Icahn, the company's largest shareholder with a 9.45 percent stake, said the only condition on his $32.50-a-share offer was that shareholders elect a slate of directors whom he will nominate to the company's board.

"Mismanagement of this company has resulted in a lost decade of shareholder value," Icahn said in a statement. "Oshkosh needs proactive shareholders to bring a proactive management team together to weather a volatile economy."

Oshkosh said its board would advise shareholders of its position on the offer within 10 business days, and suggested that shareholders not act on the offer until the board has reviewed it.

Oshkosh shareholders had, in January, voted down an Icahn-backed slate of directors.

Shares of the company surged 12 percent to $29.98 on the news, earlier hitting $31.30, their highest since July 2011.

"It's not an unattractive price by any means, but it's surely not a fully valued price," said Eli Lustgarten, an analyst who covers Oshkosh at Longbow Research.

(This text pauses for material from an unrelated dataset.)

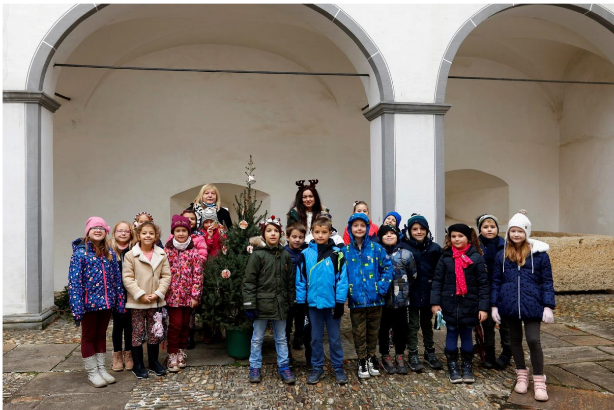
Slika 10. Božićne radionice u Starom gradu

Lustgarten has a "buy" rating on Oshkosh with a $34 target price.

Profit at the Oshkosh, Wisconsin-based company slumped about 36 percent through the first nine months of its recently ended fiscal year, hurt by declines at its military-vehicle unit.

Last month, Oshkosh management met with analysts and laid out a plan to double annual profit by 2015, helped by cost costs and strong growth at its JLG aerial-lift arm.

In August, Icahn told Reuters he believed Oshkosh should spin off JLG, which it acquired in 2006 for $3 billion.

NAVISTAR RISES

Oshkosh is not Icahn's only big holding in the U.S. trucking sector. He is also the third-largest shareholder of Navistar International Corp , with a 14.94 percent stake.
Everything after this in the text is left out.